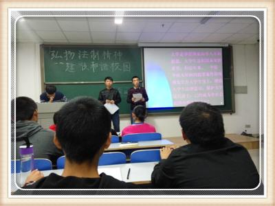 我院各年级团支部通过演讲、座谈、辩论赛、征文等多种形式让大家了解知法懂法的必要性,让每位大学生意识到法律对于一个国家的重要性,更是懂得了作为当代的大学生,要善于用法律知识维护自身的合法利益。目前在部分大学生中间还存在的法律意识淡薄,自我保护能力缺乏现象,为了能够提高主题团日活动开展效果,各团支部结合自身情况,运用典型案例、观看法制视频等方式加深了同学们对法制的认识,主题团日活动上同学们针对相关法律问题纷纷提问,还结合具体案例分析讨论,现场气氛活跃。各团支部通过PPT向同学们讲解我国法制进程,并要求每位大学生提高自身的法律意识,努力学习法律法规,要做一名知法、懂法、遵法、守法的好青年,严格规范自己的行为,为构建和谐校园出一份力。
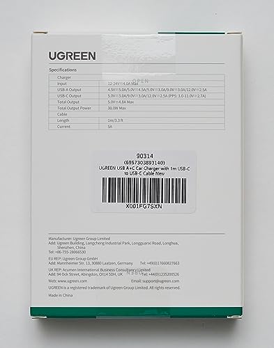 UGREEN Caricabatteria USB C da Auto 30W con 1M Cavo USB C a USB C, Caricatore Accendisigari 20W Compatibile con iPhone 14/13/12 Pro Max SE 2022, iPad Pro/Air/Mini, Galaxy S22 S21
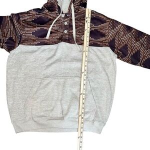 Hooey Hoodie 3/4 button size medium kangaroo pocket lined hood for warmth Aztec print pre owned men women or teen see photos for measurements
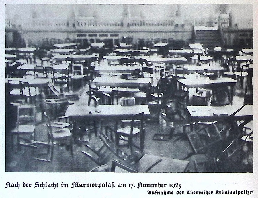 Diesen vom Versammlungsleiter verkündeten Schluß beantworteten die Kommunisten mit dem Anstimmen der „Internationale“, worauf die Nationalsozialisten das „Hitlerlied“ anstimmten. Da – ein Pfiff und einige Kommandoworte und von der Galerie flogen, von den Kommunisten geworfen, Biergläser, Stühle, ja sogar Tische mitten unter die im Parterre Versammelten. Die Lampen wurden größtenteils zerschlagen, um den Saal zu verdunkeln, auch auf den Kronleuchter wurden Wurfgeschosse in Masse gerichtet, um den gleichen Zweck zu erreichen. Unten im Saale tobte ein wüster Kampf und in wenigen Augenblicken bot der Marmorpalast ein Bild mit wüstester Zerstörung. Gegen 100 Tische und etwa 800 Stühle sind zerschlagen worden, 1000 Biergläser und 350 Kaffeetassen gingen als Wurfgeschosse in Trümmer und 40, zum Teil schwer Verletzte, darunter zwei Polizeibeamte, waren die Opfer des sinnlosen Kampfes.

_Activity_:
Your copy should match the data above exactly, apart from the pictures.

_Task result_:
 我院各年级团支部通过演讲、座谈、辩论赛、征文等多种形式让大家了解知法懂法的必要性,让每位大学生意识到法律对于一个国家的重要性,更是懂得了作为当代的大学生,要善于用法律知识维护自身的合法利益。目前在部分大学生中间还存在的法律意识淡薄,自我保护能力缺乏现象,为了能够提高主题团日活动开展效果,各团支部结合自身情况,运用典型案例、观看法制视频等方式加深了同学们对法制的认识,主题团日活动上同学们针对相关法律问题纷纷提问,还结合具体案例分析讨论,现场气氛活跃。各团支部通过PPT向同学们讲解我国法制进程,并要求每位大学生提高自身的法律意识,努力学习法律法规,要做一名知法、懂法、遵法、守法的好青年,严格规范自己的行为,为构建和谐校园出一份力。
 UGREEN Caricabatteria USB C da Auto 30W con 1M Cavo USB C a USB C, Caricatore Accendisigari 20W Compatibile con iPhone 14/13/12 Pro Max SE 2022, iPad Pro/Air/Mini, Galaxy S22 S21
 Hooey Hoodie 3/4 button size medium kangaroo pocket lined hood for warmth Aztec print pre owned men women or teen see photos for measurements
 Diesen vom Versammlungsleiter verkündeten Schluß beantworteten die Kommunisten mit dem Anstimmen der „Internationale“, worauf die Nationalsozialisten das „Hitlerlied“ anstimmten. Da – ein Pfiff und einige Kommandoworte und von der Galerie flogen, von den Kommunisten geworfen, Biergläser, Stühle, ja sogar Tische mitten unter die im Parterre Versammelten. Die Lampen wurden größtenteils zerschlagen, um den Saal zu verdunkeln, auch auf den Kronleuchter wurden Wurfgeschosse in Masse gerichtet, um den gleichen Zweck zu erreichen. Unten im Saale tobte ein wüster Kampf und in wenigen Augenblicken bot der Marmorpalast ein Bild mit wüstester Zerstörung. Gegen 100 Tische und etwa 800 Stühle sind zerschlagen worden, 1000 Biergläser und 350 Kaffeetassen gingen als Wurfgeschosse in Trümmer und 40, zum Teil schwer Verletzte, darunter zwei Polizeibeamte, waren die Opfer des sinnlosen Kampfes.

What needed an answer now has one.